Task to complete: The answer is to be the data that follows, transcribed exactly, minus its pictures.

______________________________

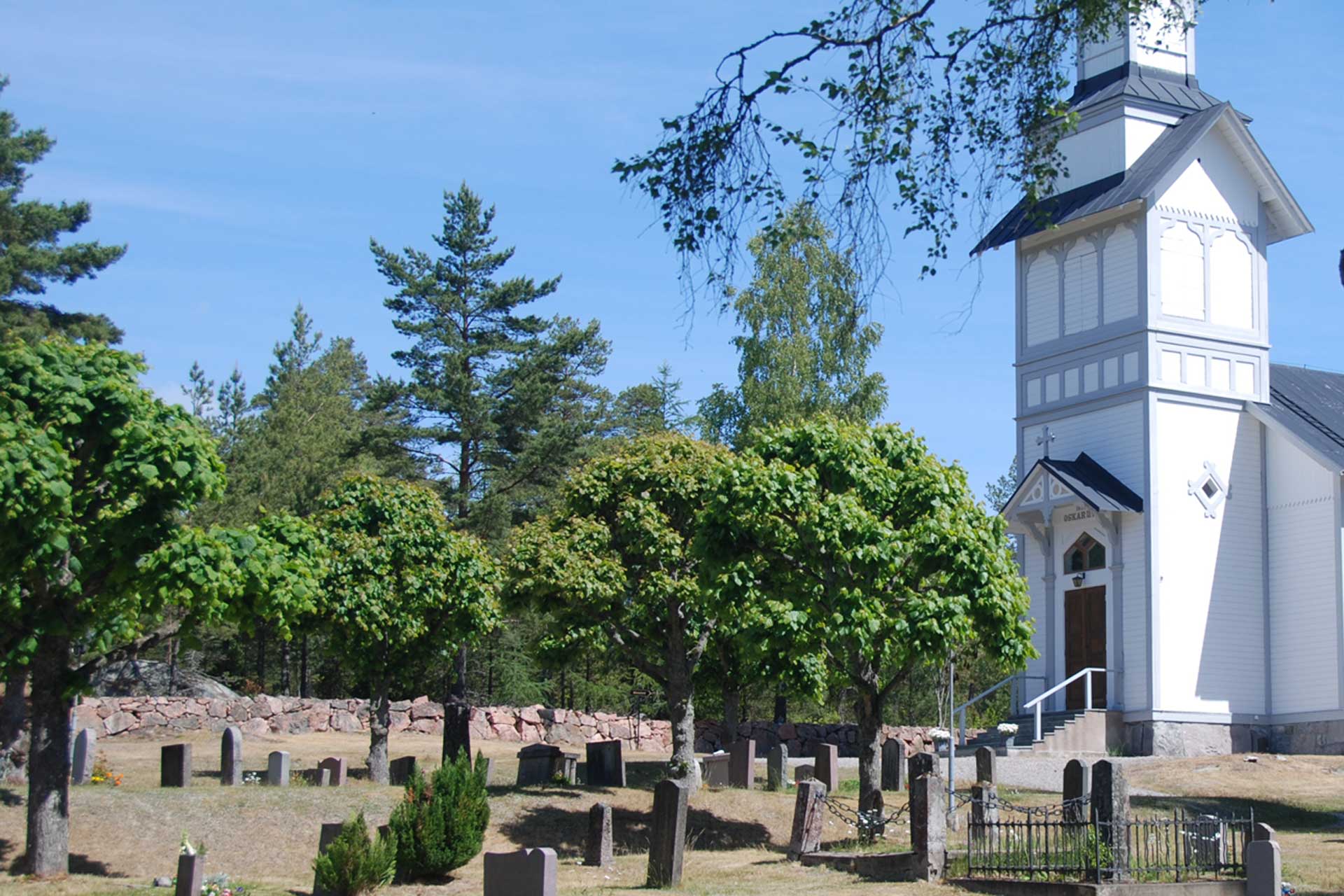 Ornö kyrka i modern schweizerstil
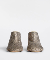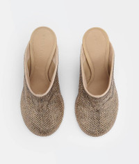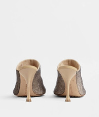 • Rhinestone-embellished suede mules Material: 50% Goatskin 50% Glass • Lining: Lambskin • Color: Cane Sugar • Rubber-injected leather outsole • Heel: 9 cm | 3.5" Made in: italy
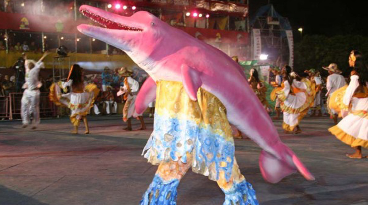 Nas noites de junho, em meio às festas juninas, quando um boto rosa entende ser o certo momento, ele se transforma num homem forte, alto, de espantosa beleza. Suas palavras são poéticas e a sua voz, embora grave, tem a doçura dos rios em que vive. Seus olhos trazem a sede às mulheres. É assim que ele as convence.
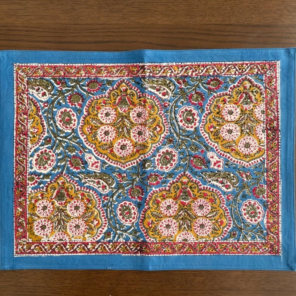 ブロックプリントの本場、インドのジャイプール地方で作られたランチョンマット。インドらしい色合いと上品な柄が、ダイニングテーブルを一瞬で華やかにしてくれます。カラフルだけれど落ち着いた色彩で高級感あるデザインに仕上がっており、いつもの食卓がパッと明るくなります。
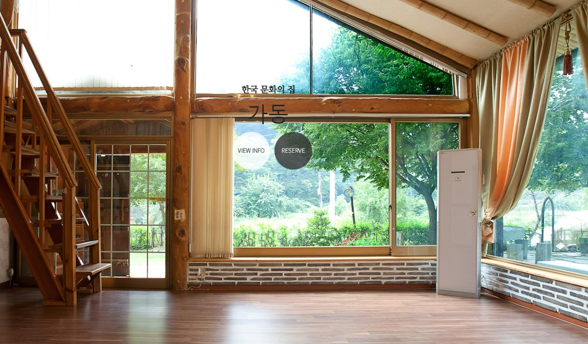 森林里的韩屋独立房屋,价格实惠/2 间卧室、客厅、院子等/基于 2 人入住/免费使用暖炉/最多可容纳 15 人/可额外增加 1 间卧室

______________________________

Result:
 Ornö kyrka i modern schweizerstil
 • Rhinestone-embellished suede mules Material: 50% Goatskin 50% Glass • Lining: Lambskin • Color: Cane Sugar • Rubber-injected leather outsole • Heel: 9 cm | 3.5" Made in: italy
 Nas noites de junho, em meio às festas juninas, quando um boto rosa entende ser o certo momento, ele se transforma num homem forte, alto, de espantosa beleza. Suas palavras são poéticas e a sua voz, embora grave, tem a doçura dos rios em que vive. Seus olhos trazem a sede às mulheres. É assim que ele as convence.
 ブロックプリントの本場、インドのジャイプール地方で作られたランチョンマット。インドらしい色合いと上品な柄が、ダイニングテーブルを一瞬で華やかにしてくれます。カラフルだけれど落ち着いた色彩で高級感あるデザインに仕上がっており、いつもの食卓がパッと明るくなります。
 森林里的韩屋独立房屋,价格实惠/2 间卧室、客厅、院子等/基于 2 人入住/免费使用暖炉/最多可容纳 15 人/可额外增加 1 间卧室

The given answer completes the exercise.